Re: Darwin - looking good

2001-09-20 Thread Michael G Schwern

On Thu, Sep 20, 2001 at 12:42:13AM +0100, Robin Houston wrote:
 I only had one real problem with Parrot on Darwin, which really has
 nothing to do with Darwin at all.  The first time I tried to make test
 I got a slew of errors about Test::More, so I diligently went to CPAN
 and downloaded the latest version.

The latest version of the Test-More tarball should have blown up in
your face with a big Don't use this, download Test-Simple instead! 
to prevent exactly this sort of thing from happening.  For some reason
that last version doesn't seem to have made it into
modules/by-module/Test/, it's just sitting in my author directory.

Sorry for the inconvenience, I'll go poke the CPAN folks.


 Are there any plans to remove the dependency of Parrot::Test on
 non-core modules? It's bound to be a stumbling block for quite
 a few people, surely? If not, I'll contribute a patch which
 makes the failure more graceful and informative.

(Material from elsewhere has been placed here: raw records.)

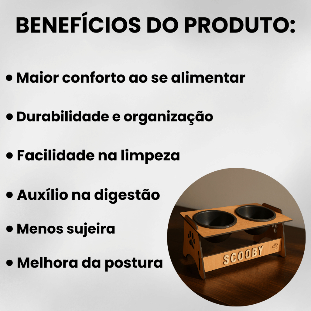 Bebedouro Comedouro Elevado PERSONALIZADO para Gato e Cachorro MDF - Tigelas Plásticas
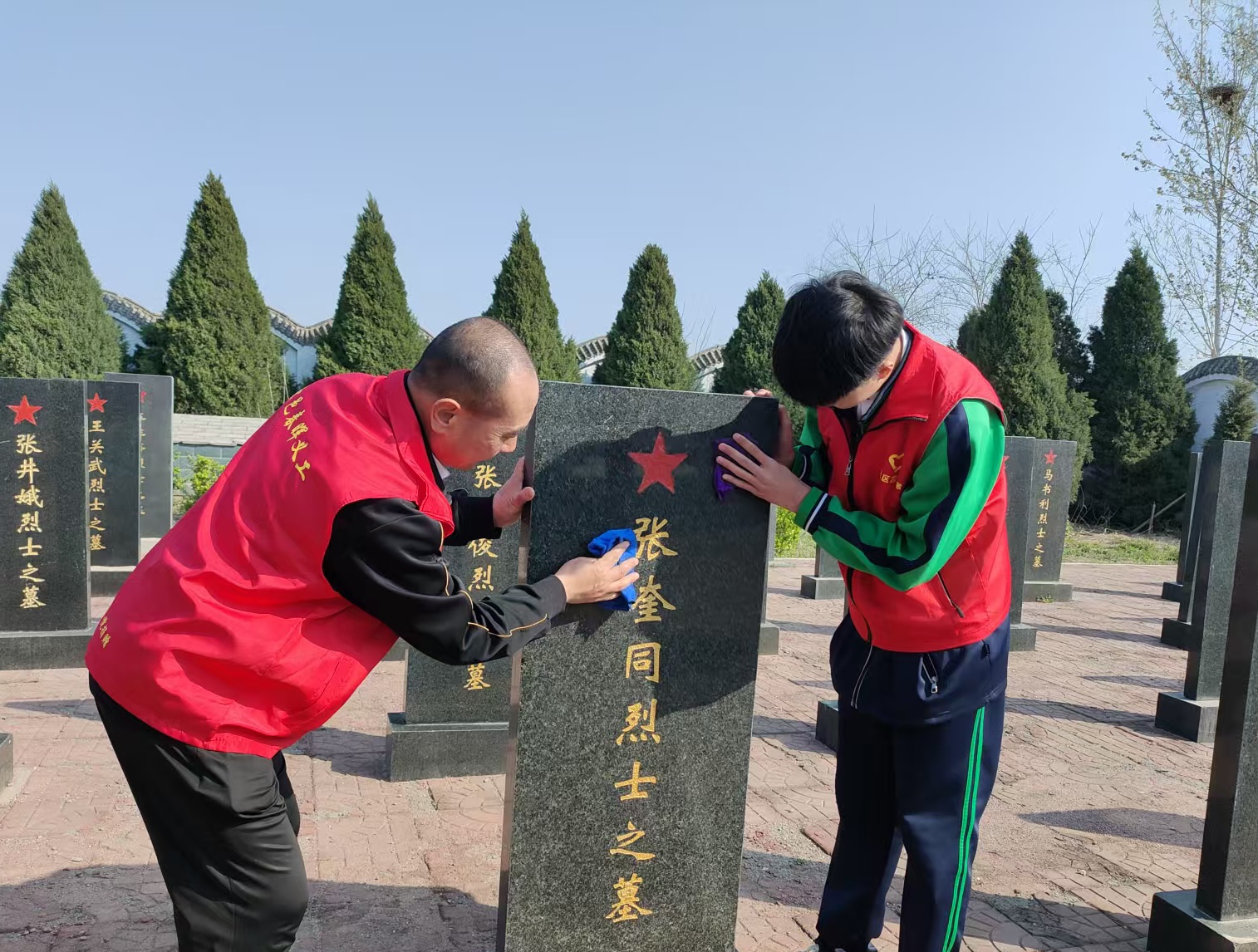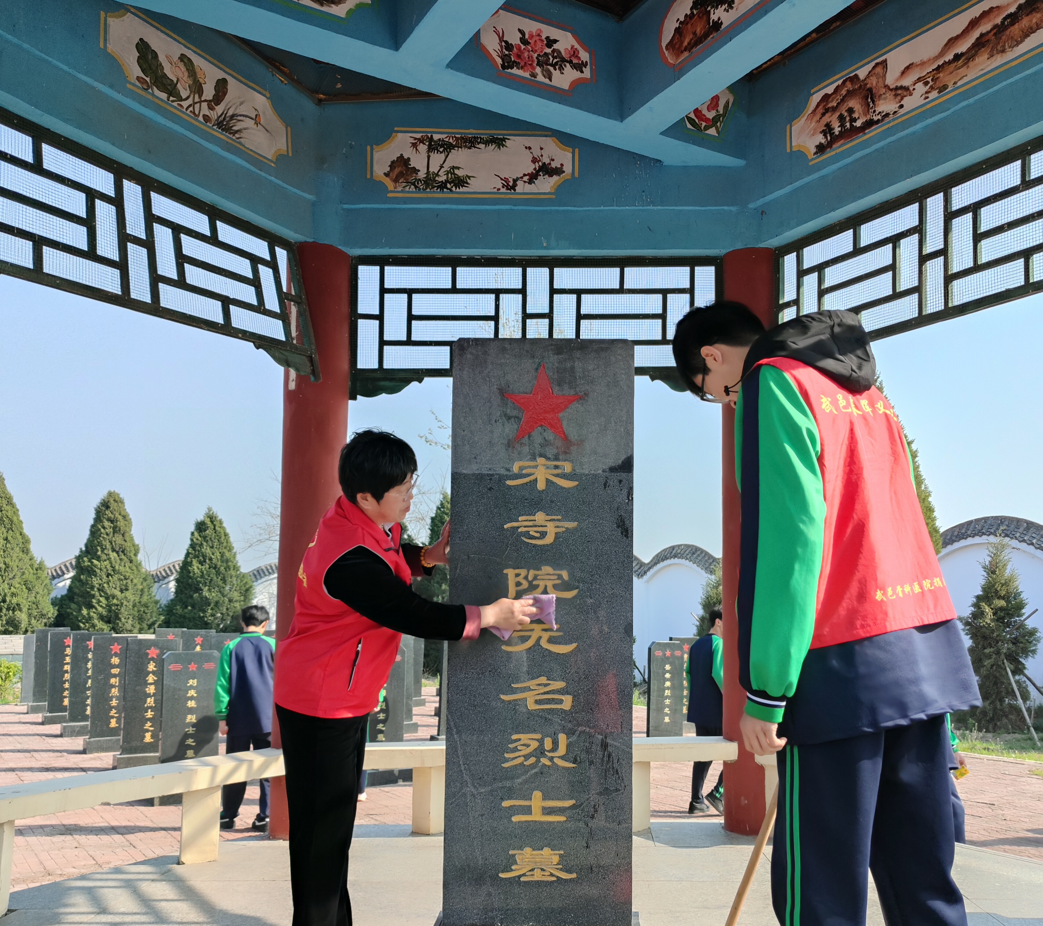 祭扫现场,师生与志愿者们手持抹布、扫帚,仔细擦拭每一块墓碑,认真清理墓区环境卫生,以朴素而虔诚的行动,守护英烈安息之地,表达对革命先烈的深切缅怀。
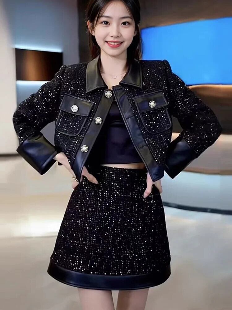 秋冬ツーピースセットショートジャケットコート+スカートセット2点セット衣装 オータム 秋物 ウィンター 冬物
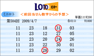 | 503回では本数字に連続数字がありませんでしたが、今回は、「11」・「18」・「「21」・「23」・「27」などが出現予測範囲に入ってきました。04・10・11・12・14・17・18・19・21・22・23・24・26・27・28 となったのです。連続候補は「11」と「23」。高確率は「17」・「22」。低確率は「18」・「19」をそれぞれ軸数字としました。 |
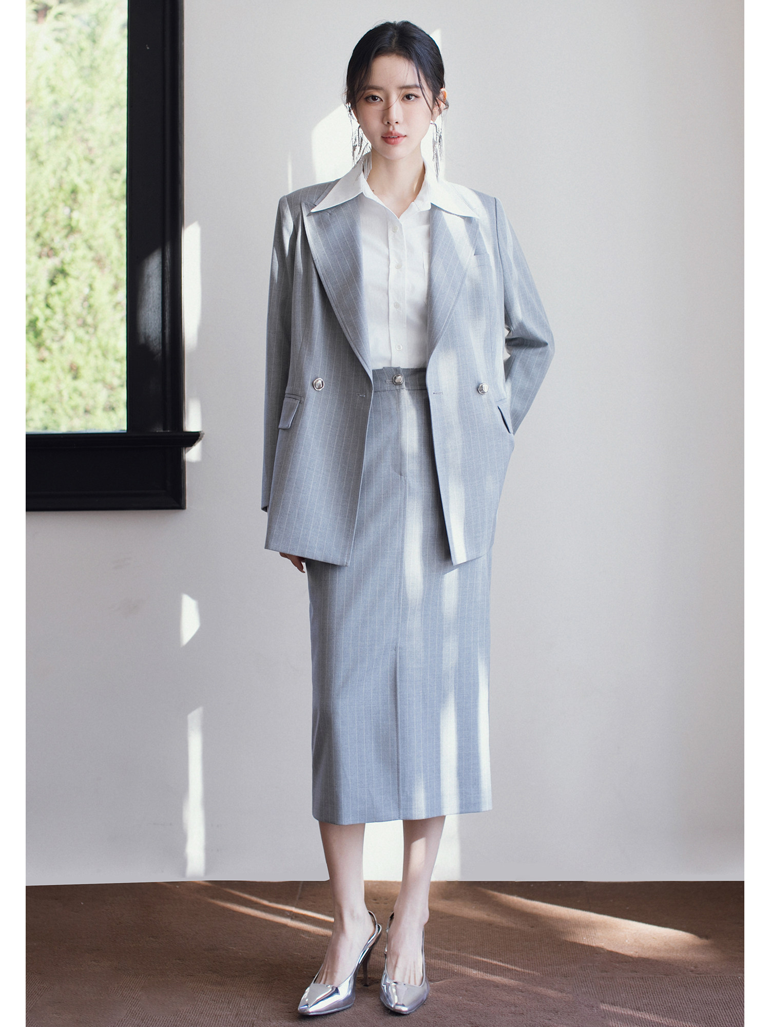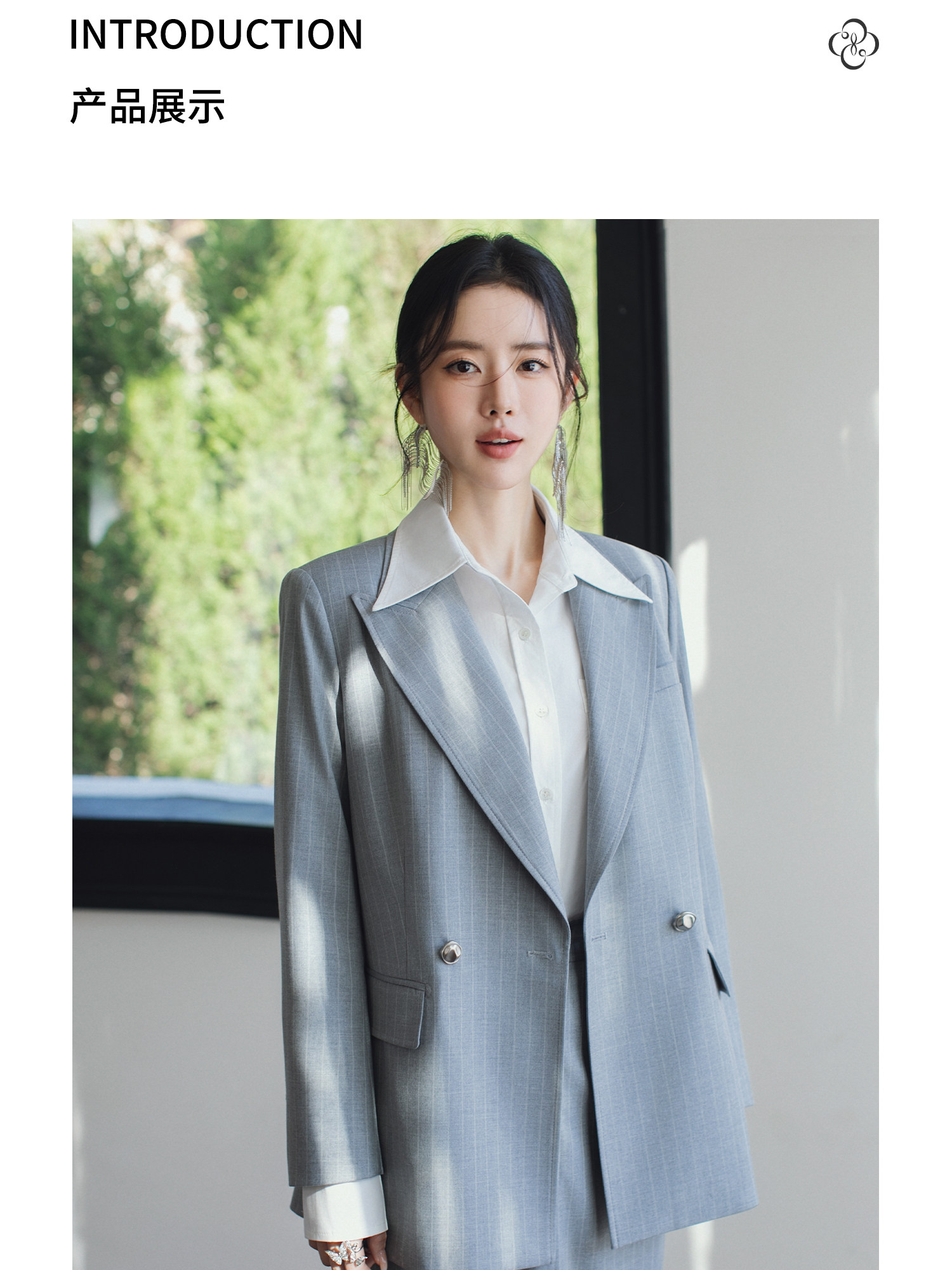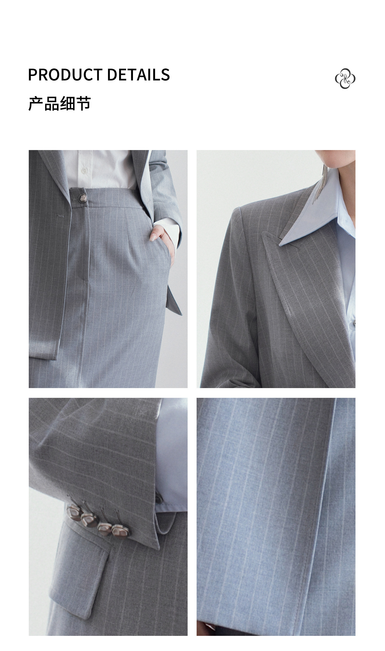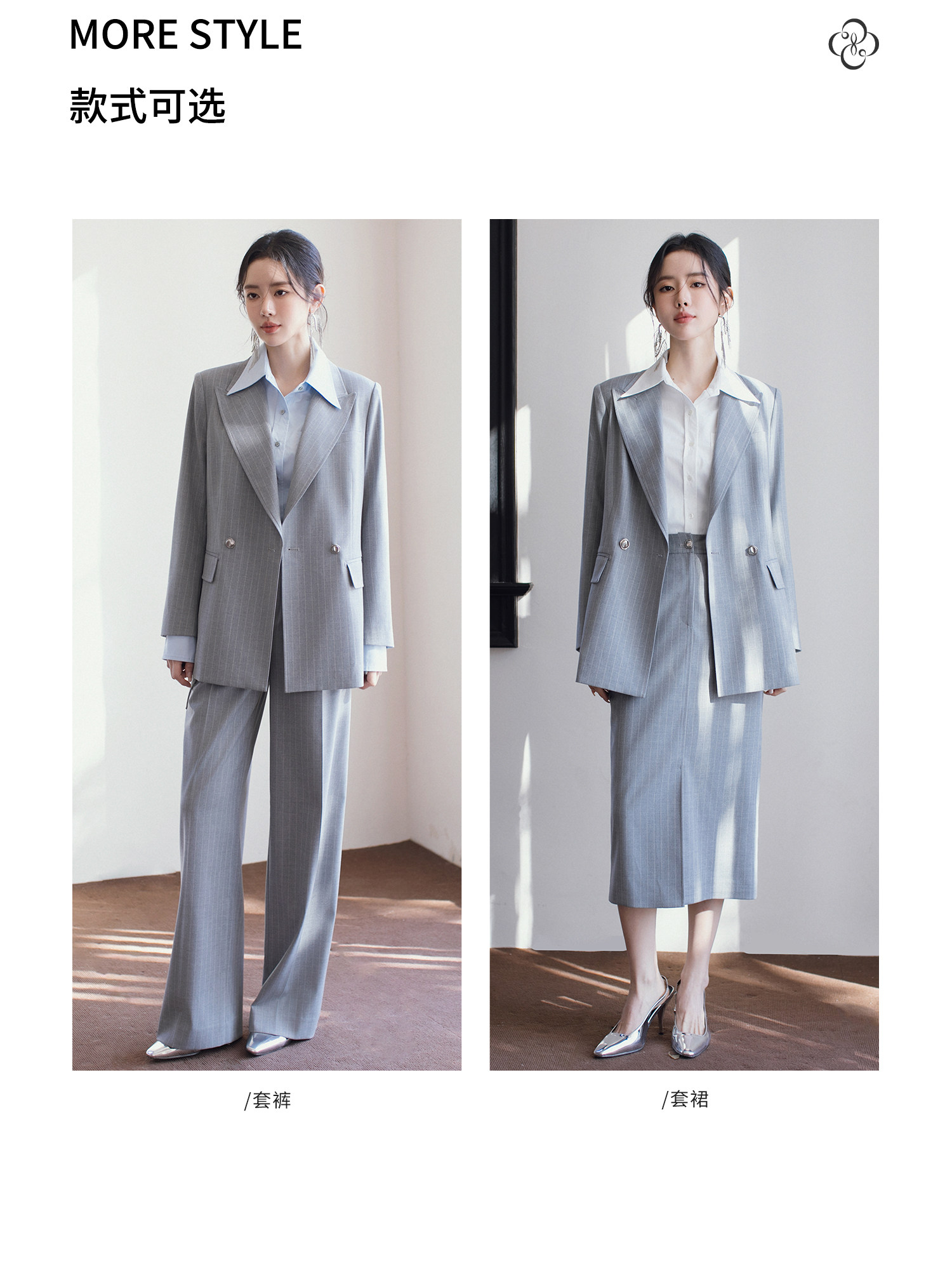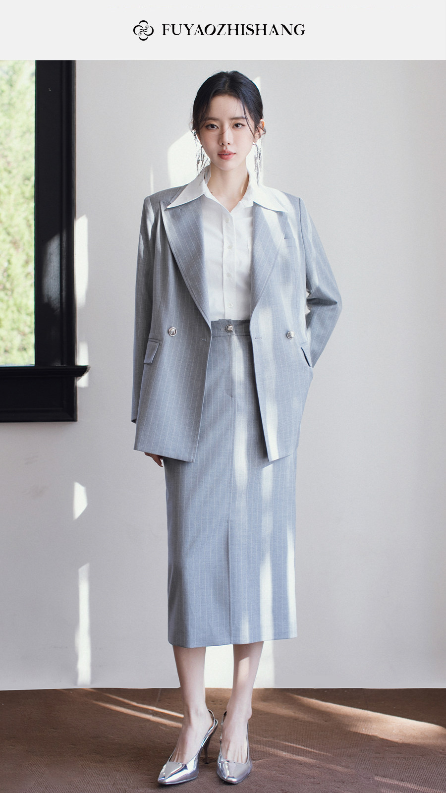 FUYAO扶摇直上 灰色条纹西装套装女春季面试宽松西服半身裙两件套
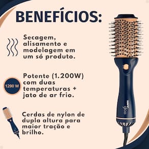 Transforme sua rotina de beleza com a Escova Secadora Gloss: o segredo para cabelos secos, modelados e radiantes em poucos minutos! Com design oval e cerdas de nylon de dupla altura, ela oferece alisamento eficaz, volume na medida certa e brilho intenso.
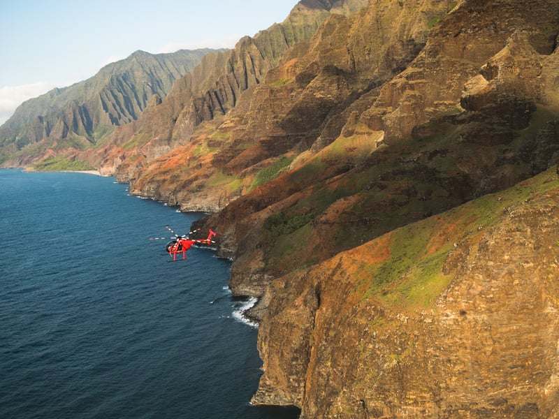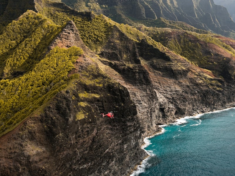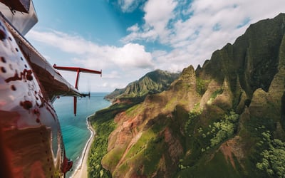 Take a 50–55 minute doors-off flight to see Waimea Canyon, Nā Pali Coast, and Wai‘ale‘ale Crater
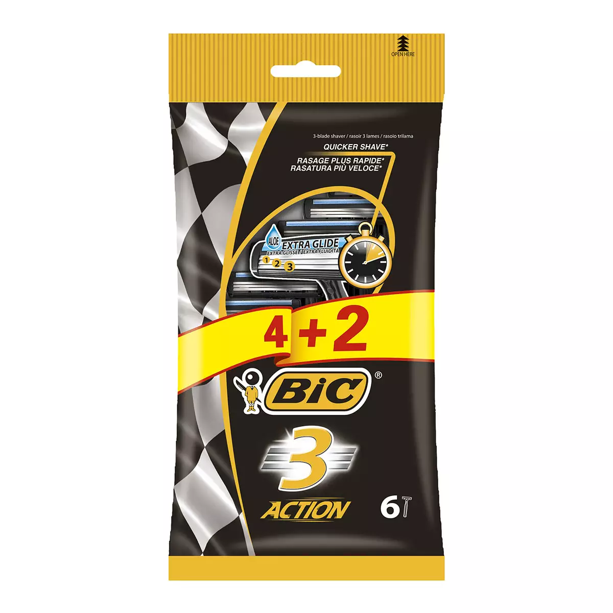 Bic 3 Action on suunniteltu nopeaan ja miellyttävään parranajoon. Varsiterässä on kolme ruostumattomasta teräksestä valmistettua terää, jotka auttavat ajamaan parran tehokkaasti ja tasaisesti. Kiinteä teräpää tukee hallittua ajoliikettä ja auttaa saavuttamaan sileän lopputuloksen päivittäisessä käytössä. Kaksi Aloe veraa sisältävää voidenauhaa parantavat terien liukua iholla ja tekevät ajosta sujuvampaa. Terät on päällystetty polymeerilla ja kromilla, mikä auttaa säilyttämään niiden terävyyden pidempään. Kaareva varsi ja pitävä uritus tukevat hyvää otetta ajon aikana.
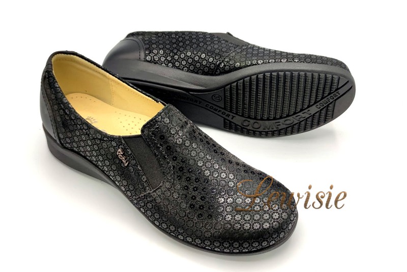 Pohodlná obuv z přírodní kůže na nízkém stabilním klínku s vsazenými gumičkami na nártu pro snadné obouvání.

These actually are core, but not until 5.7.2.  And we don't want to
take a Great Leap Backward to Test.pm.

For *exactly* such a contingency (I sound like an Acme saleman now) we
have Test-SDK (remember the SDKs?) which includes new-enough versions
of Test::More, Test::Simple, Test::Inline and Test::Harness in one
handy, easy to install tarball for those of you that don't use the
CPAN shell.

As a third alternative, you can simply distribute Test::Simple/More
(and even the new versions of Test::Harness) as part of parrot, same
as you do Parrot::Test.  That involves the least work for the test
runner.


I'd suggest creating a lib/ directory and moving Parrot/ into it now
before you get a proliferation of individual Perl module directories.
And change the Makefile to this:

PERL = perl
PERLRUN = $(PERL) -Ilib

test:
$(PERLRUN) t/harness

and the other targets that use $(PERL) change to $(PERLRUN).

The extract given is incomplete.